If I start a Netflix stream while the synthetic congestion is present, the video takes a long time to buffer and the quality is poor because of the contention for downstream bandwidth caused by the synthetic traffic. The plateau is me hitting my download speed rate limit. (My service tier is rated at 25 mbps. These measurements are of kbit/sec of actual Ethernet frames, not TCP payload. I believe that accounts for the difference.)

If I terminate the script generating the synthetic traffic (around 15:38:00), you’ll see that the bandwidth available to the Netflix app increases. When the Netflix app is not experiencing this congestion the video quality shows a corresponding improvement.
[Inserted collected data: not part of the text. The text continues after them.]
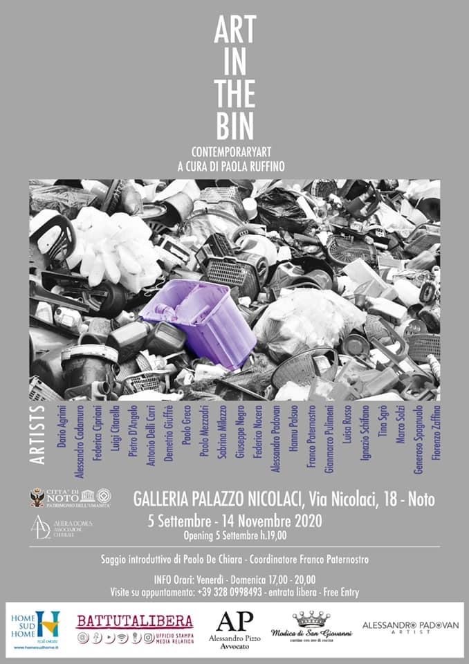 In esposizione fino al prossimo 14 novembre, la mostra “ART IN THE BIN” porterà per la prima volta a Noto un’ottantina tra sculture, installazioni e opere pittoriche di 22 artisti, le cui opere sono state esposte in Italia e all’Estero, candidando di fatto la capitale del Barocco,attorno cui ruota un fermento culturale di ampio raggio a diventare anche una delle sedi più interessanti dell’arte contemporanea.
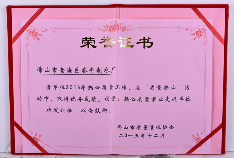 熱心質(zhì)量事業(yè)先進(jìn)單位 -
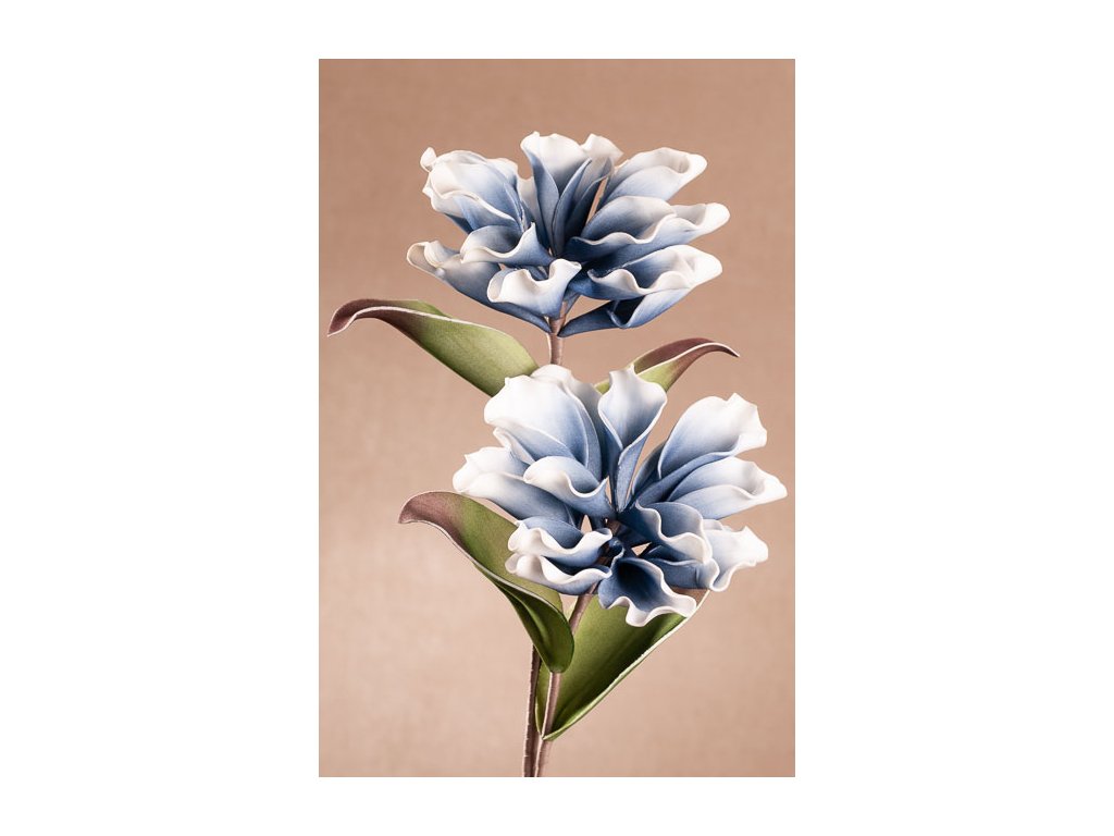 Krásná umělá květina se dvěma květy vystínované od bílé po modrou barvu od české značky Paramit, Je vyrobena z polyuretanové pěny a použitím tohoto materiálu je dosaženo, že květina drží stále stejný vzhled a nevadne.

However, if I run the Xfinity app, the video quality is seemingly unaffected by the synthetic traffic. In addition, you’ll see that unlike the Netflix example, the amount of bandwidth available to Internet traffic is unaffected. Because the Xfinity traffic is mapped to a different DOCSIS service flow when prioritized, it is exempted from the downstream rate limit, so my total bandwidth usage stays consistently higher than my service tier would normally allow.

There’s one exception to the prioritization that I was able to find. It appears that Comcast distributes content to various CDN nodes inconsistently—after my original post went up, I began observing my content come from different nodes. I was finally seeing Comcast deliver content to me from local SF Bay Area CDN servers. All of this traffic was marked with the same CS5 DSCP value seen on the traffic from Seattle in my previous post, except for a single cache server in Burien, WA, a city outside Seattle. This one cache server was sending me traffic marked as CS1 (the same priority level as Netflix traffic), and *was* affected by the congestion caused by the synthetic traffic. This reinforces my conclusion that Comcast is using DSCP values to signal the prioritization of Xfinity at the DOCSIS MAC layer. Here’s a screenshot of one of the packets received, marked as CS1:

And here’s a similar graph as above. Since it’s not marked as CS5, it doesn’t get assigned to the same DOCSIS service flow and isn’t prioritized. Notice it looks more like the Netflix graph than the Xfinity one:

I’m willing to bet streams that come off this cache server count against your bandwidth cap, too (as the service flow ID will be wrong in the IPDR record that gets generated.)

Here’s the ugly script I wrote to log the counters to disk.

Conclusion

Hopefully these observations have served to provide some context for my previous post. If you have any constructive comments on the methodology used, I’d appreciate hearing them.

Thanks to my wonderful wife Lauren for putting up with me making a mess in the living room over the last week.